Mildred Pierce: Doormat.

by Meredith O’Brien

 

 

So I’ve been watching that much-heralded HBO mini-series Mildred Pierce, mostly because it stars Kate Winslet and I’m a sucker for anything that has Kate Winslet in it.

 

I went into this Depression era dramatic series with the expectation that I’d be watching and rooting for a plucky mother of two who’d been left by her cheating husband, scratch her way to make a living to support her family in a time when there weren’t many jobs for anyone, never mind for soon-to-be-divorced thirtysomething women with children.

 

By the end of the second installment of the five-part series, I was thrilled to see that Mildred had found a way to transform her talent and passion for cooking and baking – before her husband left her, she’d been baking cakes and pies and selling them out of the house as a little side business – into a livelihood by opening her own chicken and waffles restaurant which she named Mildred’s.

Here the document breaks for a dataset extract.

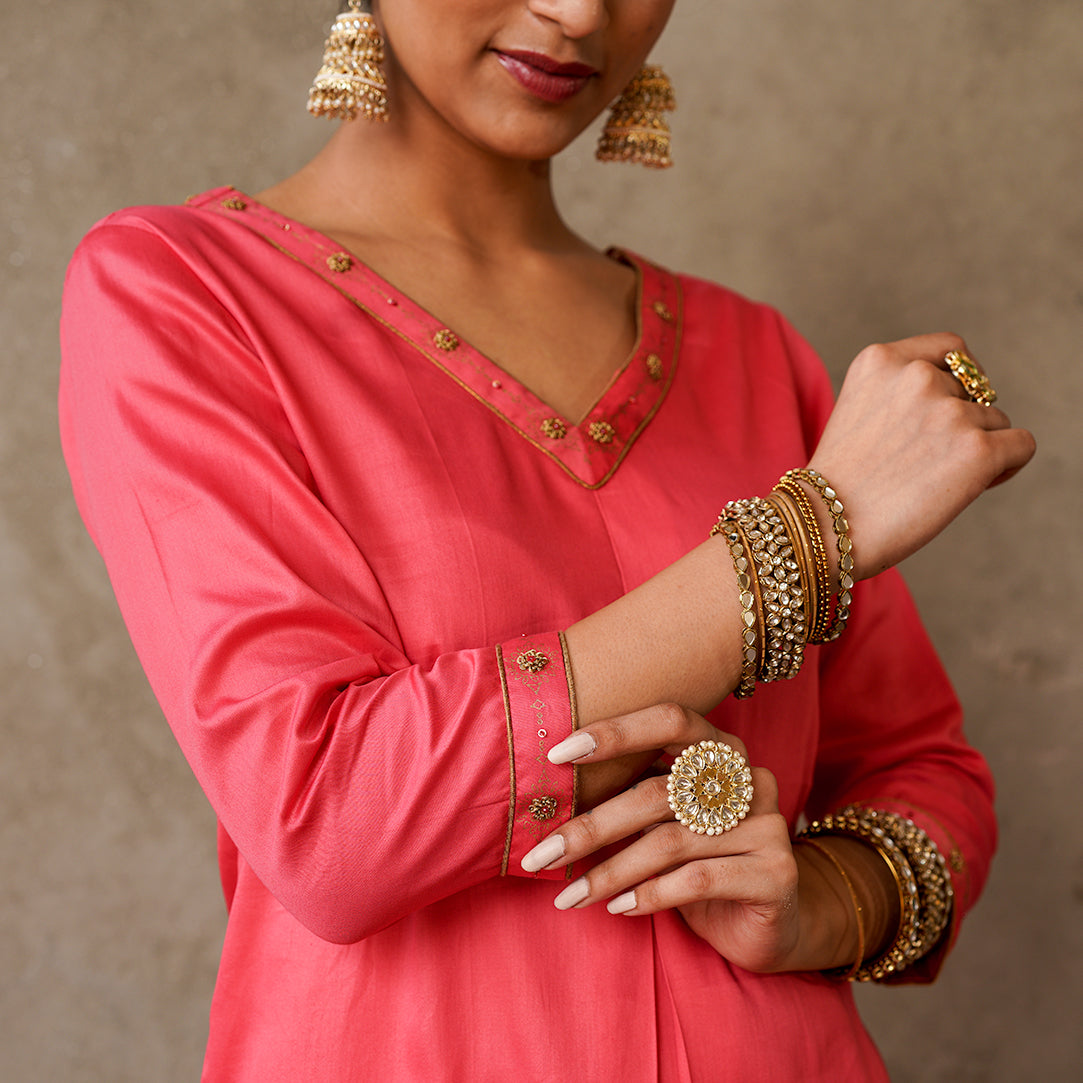 Celebrate the beauty of individuality and grace with this exquisite coral kurta and matching printed pants, meticulously crafted using a combination of hand embroidery and gold block printing techniques.

I was all set to write about this character who was busting her hump to make money, first taking a job as a waitress and then gaining the help of a business associate of her ex-husband’s (with whom she started having relations) to help open her restaurant.

 

But then I became utterly and completely distracted by the hideous nature of Mildred’s oldest child, Veda, even before she grew up to be the young adult portrayed by actress Evan Rachel Wood. Morgan Turner did a wonderful job of depicting the young, odious Veda as a child who was so mean spirited and nasty that she made Veruca Salt from the original Charlie and the Chocolate Factory movie look like a benevolent, selfless saint.

 

In the third episode of Mildred Pierce, Veda unleashed a torrent of insults at her mother, spurning the expensive wristwatch Mildred had given her for Christmas because it wasn’t the piano Veda wanted (Mildred couldn’t afford a piano at the time), demeaning her mother for being a working mother and for appearing, in Veda’s judgmental eyes, classless. Though Mildred responded angrily at first, she vowed to get Veda the piano and continued to placate the noxious creature.

 

The New York Times called the - based on 1941 novel by James M. Cain - HBO Mildred Pierce mini-series “a revision of the mother of all mother movies” as Mildred serves as “the long-suffering embodiment of maternal sacrifice.”